● Exercise goal
Look in the data below for the line that has "21 marca w bibliotece", then print exactly every line from there through the line that has "Until we can", leaving pictures out.

● Saved data entries
+++

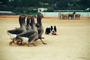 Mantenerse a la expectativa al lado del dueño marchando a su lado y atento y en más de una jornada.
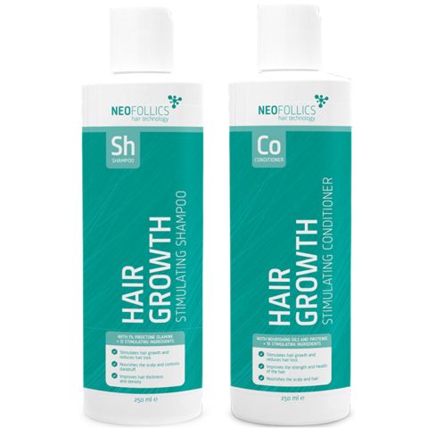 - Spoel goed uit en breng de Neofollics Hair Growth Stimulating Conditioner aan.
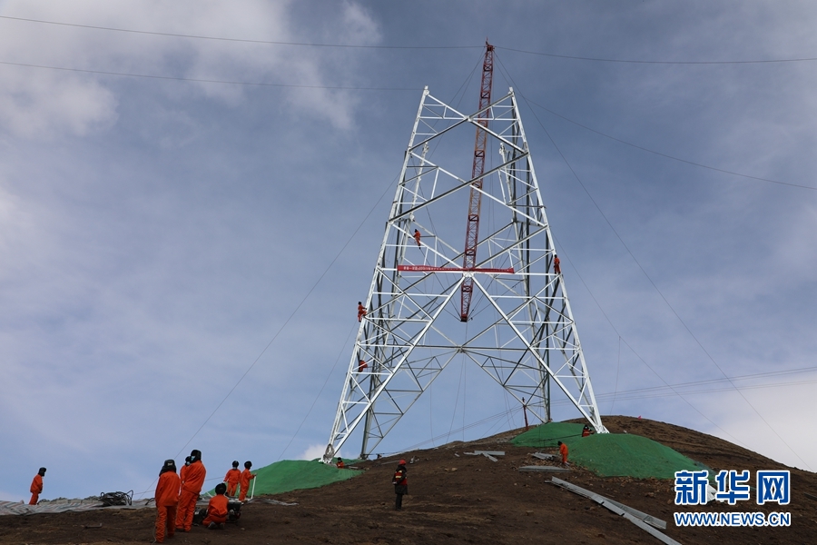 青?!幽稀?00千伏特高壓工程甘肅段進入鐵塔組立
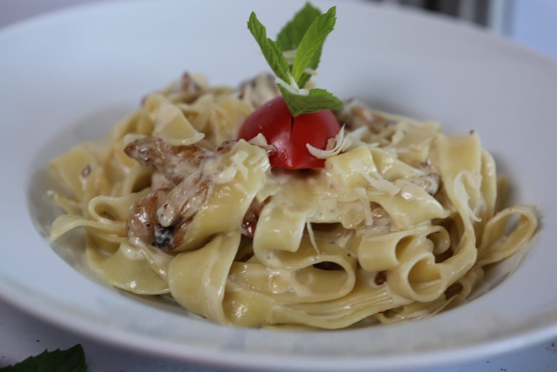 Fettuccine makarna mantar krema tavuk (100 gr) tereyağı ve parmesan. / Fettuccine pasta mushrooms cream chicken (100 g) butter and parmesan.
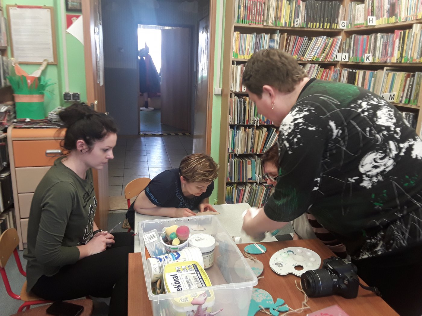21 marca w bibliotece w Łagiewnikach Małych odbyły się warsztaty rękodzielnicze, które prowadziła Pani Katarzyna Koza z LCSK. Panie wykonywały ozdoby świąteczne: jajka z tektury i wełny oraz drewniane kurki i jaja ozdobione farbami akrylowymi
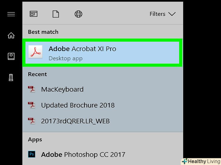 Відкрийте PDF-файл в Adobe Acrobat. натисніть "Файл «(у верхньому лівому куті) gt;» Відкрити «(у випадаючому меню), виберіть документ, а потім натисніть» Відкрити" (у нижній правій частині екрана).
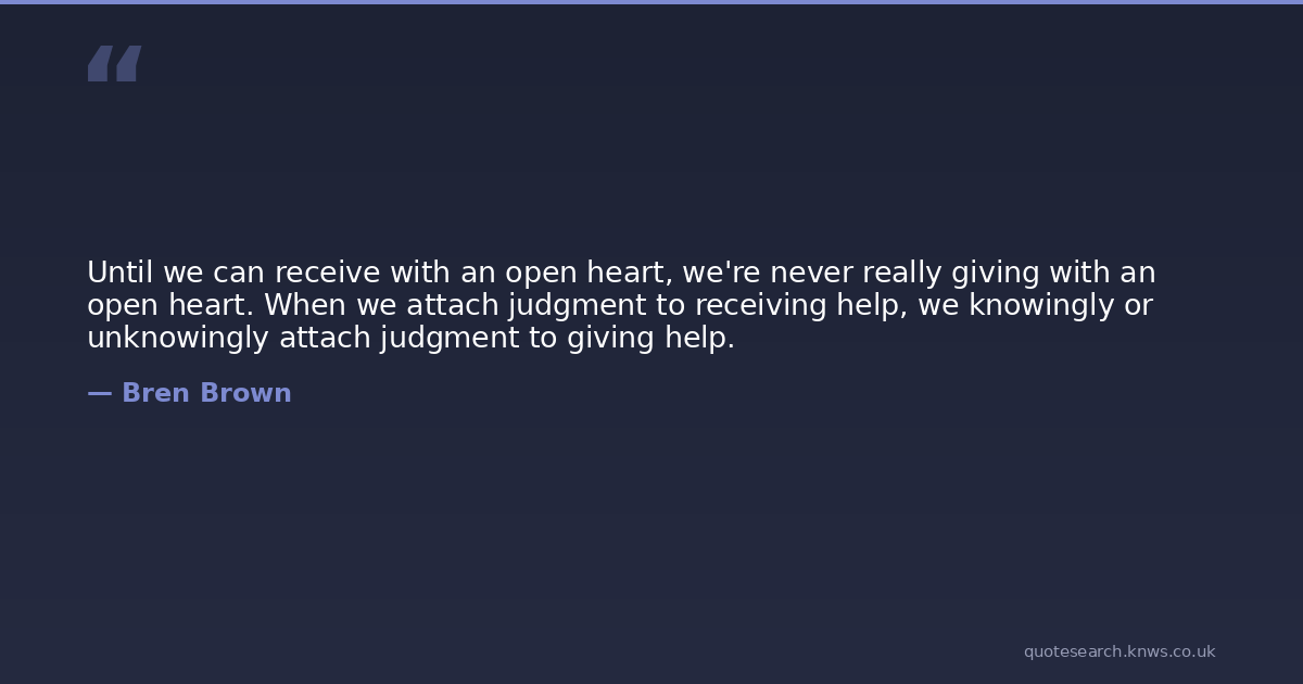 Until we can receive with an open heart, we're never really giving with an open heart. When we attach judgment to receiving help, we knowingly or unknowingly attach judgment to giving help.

+++

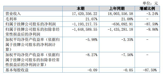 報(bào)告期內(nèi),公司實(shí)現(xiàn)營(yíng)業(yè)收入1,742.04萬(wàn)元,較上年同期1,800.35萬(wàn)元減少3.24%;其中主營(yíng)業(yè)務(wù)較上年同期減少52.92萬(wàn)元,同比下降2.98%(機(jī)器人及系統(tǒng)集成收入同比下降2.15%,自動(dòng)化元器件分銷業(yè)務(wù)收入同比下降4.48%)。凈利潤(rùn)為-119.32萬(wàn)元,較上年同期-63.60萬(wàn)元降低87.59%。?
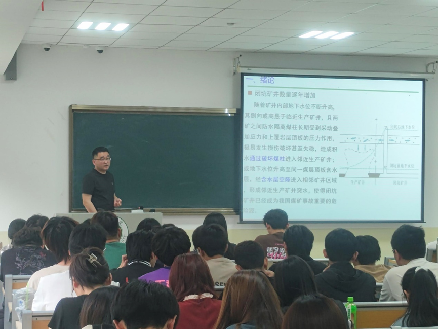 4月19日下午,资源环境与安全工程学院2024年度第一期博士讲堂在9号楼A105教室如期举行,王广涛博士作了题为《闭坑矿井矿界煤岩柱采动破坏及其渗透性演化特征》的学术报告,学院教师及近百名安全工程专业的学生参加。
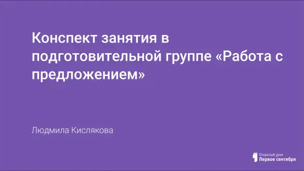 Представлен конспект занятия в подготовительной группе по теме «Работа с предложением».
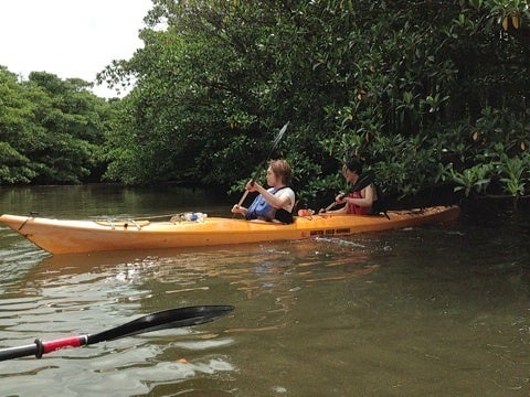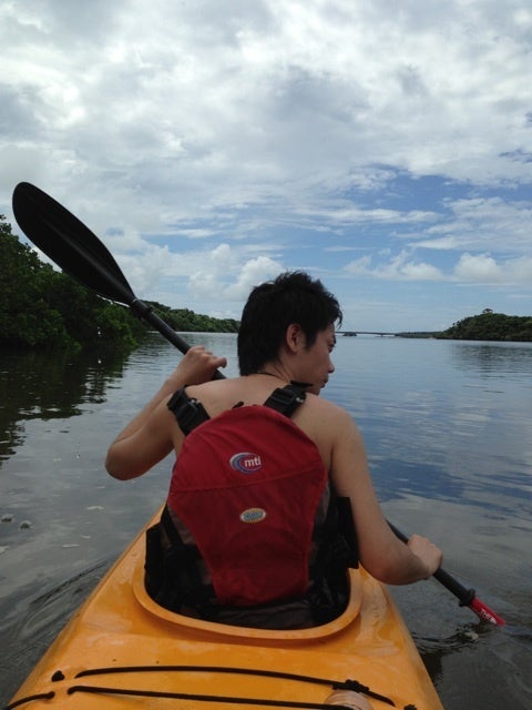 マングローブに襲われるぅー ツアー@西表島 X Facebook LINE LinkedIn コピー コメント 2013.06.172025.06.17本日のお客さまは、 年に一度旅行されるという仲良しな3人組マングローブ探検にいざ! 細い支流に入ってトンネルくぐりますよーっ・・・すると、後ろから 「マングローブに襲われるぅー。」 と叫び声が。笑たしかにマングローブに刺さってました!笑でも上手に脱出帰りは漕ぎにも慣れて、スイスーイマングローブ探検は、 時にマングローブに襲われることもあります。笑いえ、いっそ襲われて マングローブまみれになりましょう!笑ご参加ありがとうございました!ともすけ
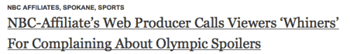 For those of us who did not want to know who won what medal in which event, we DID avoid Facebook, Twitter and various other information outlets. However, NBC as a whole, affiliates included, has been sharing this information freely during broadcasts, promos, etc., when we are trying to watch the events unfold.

+++

● Exercise solution
21 marca w bibliotece w Łagiewnikach Małych odbyły się warsztaty rękodzielnicze, które prowadziła Pani Katarzyna Koza z LCSK. Panie wykonywały ozdoby świąteczne: jajka z tektury i wełny oraz drewniane kurki i jaja ozdobione farbami akrylowymi
 Відкрийте PDF-файл в Adobe Acrobat. натисніть "Файл «(у верхньому лівому куті) gt;» Відкрити «(у випадаючому меню), виберіть документ, а потім натисніть» Відкрити" (у нижній правій частині екрана).
 Until we can receive with an open heart, we're never really giving with an open heart. When we attach judgment to receiving help, we knowingly or unknowingly attach judgment to giving help.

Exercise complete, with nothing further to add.